[Task requirements]
Beginning with the line that holds "新しいレベルソ・ワンのデザイ" in the data below, give again every line through the one that holds "Come along to", exactly as written.

[Recorded data]
--*--
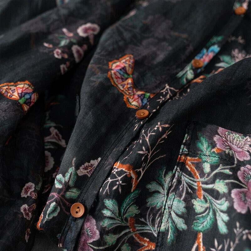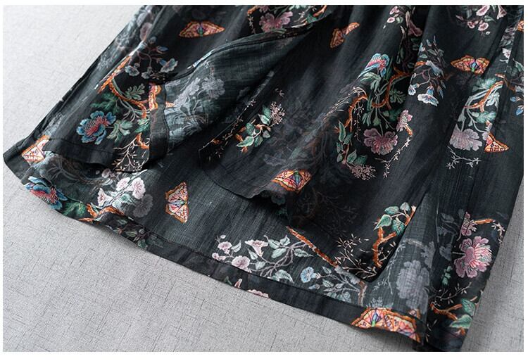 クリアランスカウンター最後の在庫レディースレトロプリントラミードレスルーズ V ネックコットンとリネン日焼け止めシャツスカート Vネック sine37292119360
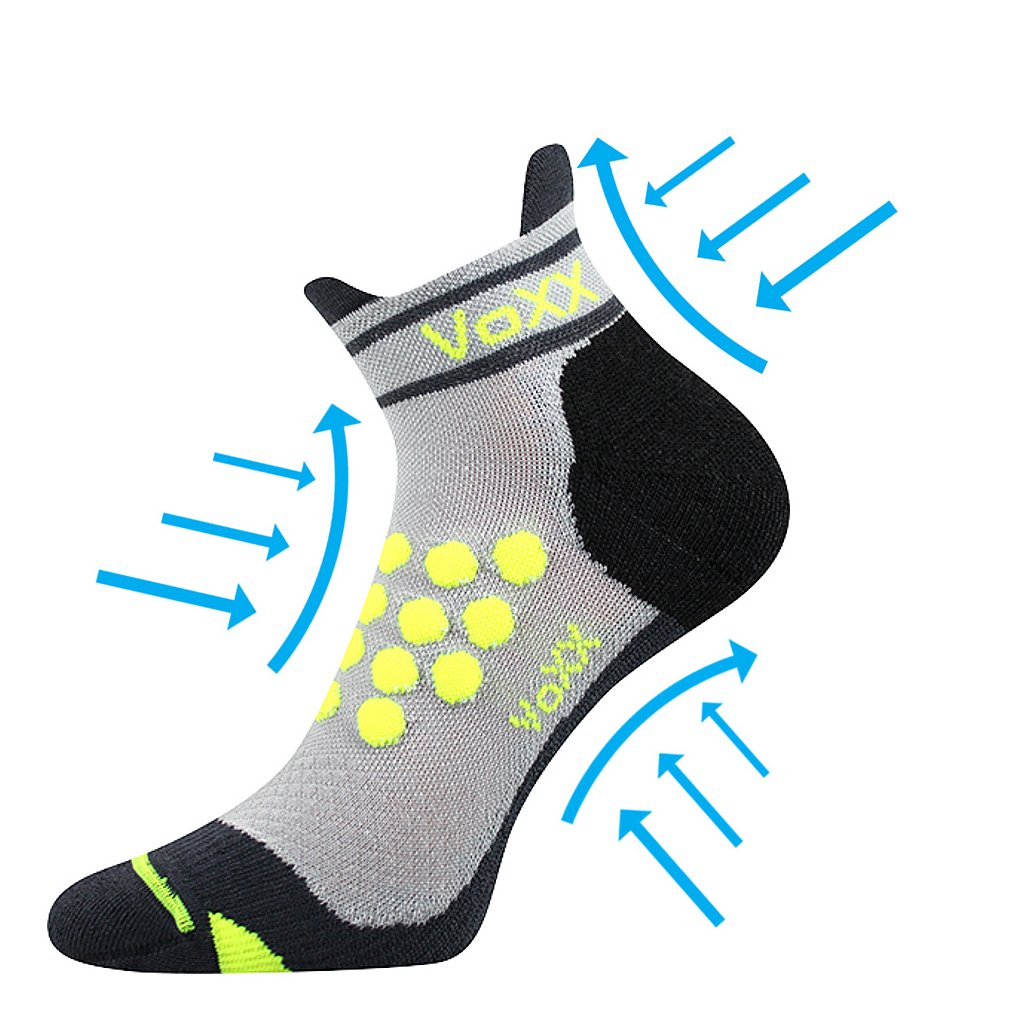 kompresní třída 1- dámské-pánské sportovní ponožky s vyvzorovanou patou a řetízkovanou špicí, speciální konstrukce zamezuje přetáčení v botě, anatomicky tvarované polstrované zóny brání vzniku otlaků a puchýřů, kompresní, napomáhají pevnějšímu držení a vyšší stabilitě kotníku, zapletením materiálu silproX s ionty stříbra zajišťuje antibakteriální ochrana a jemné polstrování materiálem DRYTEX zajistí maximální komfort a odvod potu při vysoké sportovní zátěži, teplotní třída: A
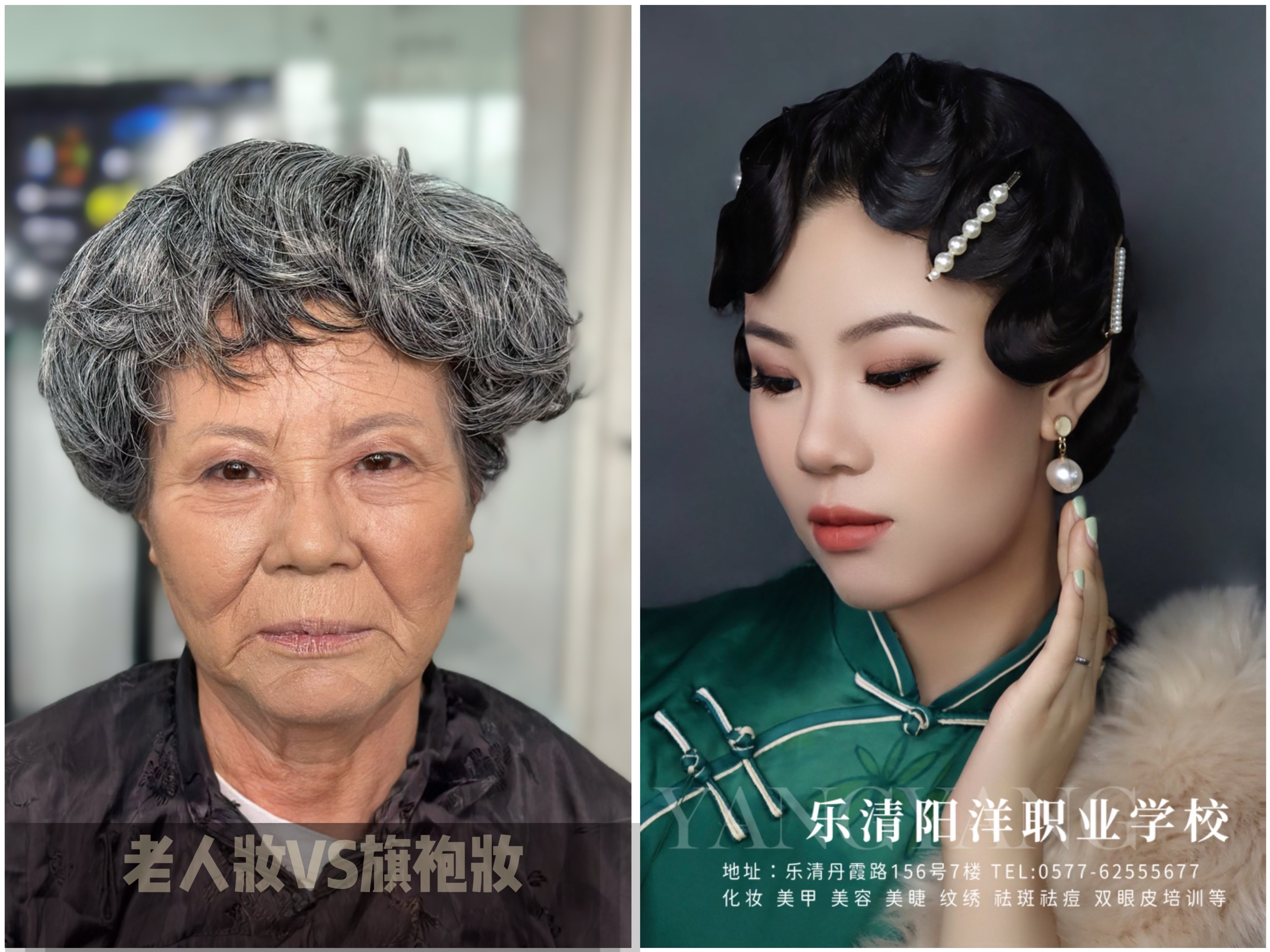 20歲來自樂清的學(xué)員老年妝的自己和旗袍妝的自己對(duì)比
--*--
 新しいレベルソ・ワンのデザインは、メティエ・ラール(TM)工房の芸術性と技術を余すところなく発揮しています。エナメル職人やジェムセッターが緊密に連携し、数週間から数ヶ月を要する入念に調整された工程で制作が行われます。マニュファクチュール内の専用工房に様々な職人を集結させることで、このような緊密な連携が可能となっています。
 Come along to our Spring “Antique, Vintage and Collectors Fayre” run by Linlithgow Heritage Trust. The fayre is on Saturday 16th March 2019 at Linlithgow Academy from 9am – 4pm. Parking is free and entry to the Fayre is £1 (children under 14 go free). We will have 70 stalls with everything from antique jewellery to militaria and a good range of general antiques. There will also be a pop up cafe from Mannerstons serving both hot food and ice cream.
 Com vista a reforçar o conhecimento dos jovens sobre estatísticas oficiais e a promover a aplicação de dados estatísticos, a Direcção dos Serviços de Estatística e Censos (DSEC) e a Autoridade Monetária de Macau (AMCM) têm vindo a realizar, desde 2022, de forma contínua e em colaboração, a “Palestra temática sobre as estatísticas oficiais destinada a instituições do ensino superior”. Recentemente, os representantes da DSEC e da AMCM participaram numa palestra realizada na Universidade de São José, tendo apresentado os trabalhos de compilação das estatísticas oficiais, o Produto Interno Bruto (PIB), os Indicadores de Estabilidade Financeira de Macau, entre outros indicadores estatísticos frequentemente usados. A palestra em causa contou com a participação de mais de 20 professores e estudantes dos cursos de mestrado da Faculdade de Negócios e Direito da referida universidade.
--*--
[The completed task]
 新しいレベルソ・ワンのデザインは、メティエ・ラール(TM)工房の芸術性と技術を余すところなく発揮しています。エナメル職人やジェムセッターが緊密に連携し、数週間から数ヶ月を要する入念に調整された工程で制作が行われます。マニュファクチュール内の専用工房に様々な職人を集結させることで、このような緊密な連携が可能となっています。
 Come along to our Spring “Antique, Vintage and Collectors Fayre” run by Linlithgow Heritage Trust. The fayre is on Saturday 16th March 2019 at Linlithgow Academy from 9am – 4pm. Parking is free and entry to the Fayre is £1 (children under 14 go free). We will have 70 stalls with everything from antique jewellery to militaria and a good range of general antiques. There will also be a pop up cafe from Mannerstons serving both hot food and ice cream.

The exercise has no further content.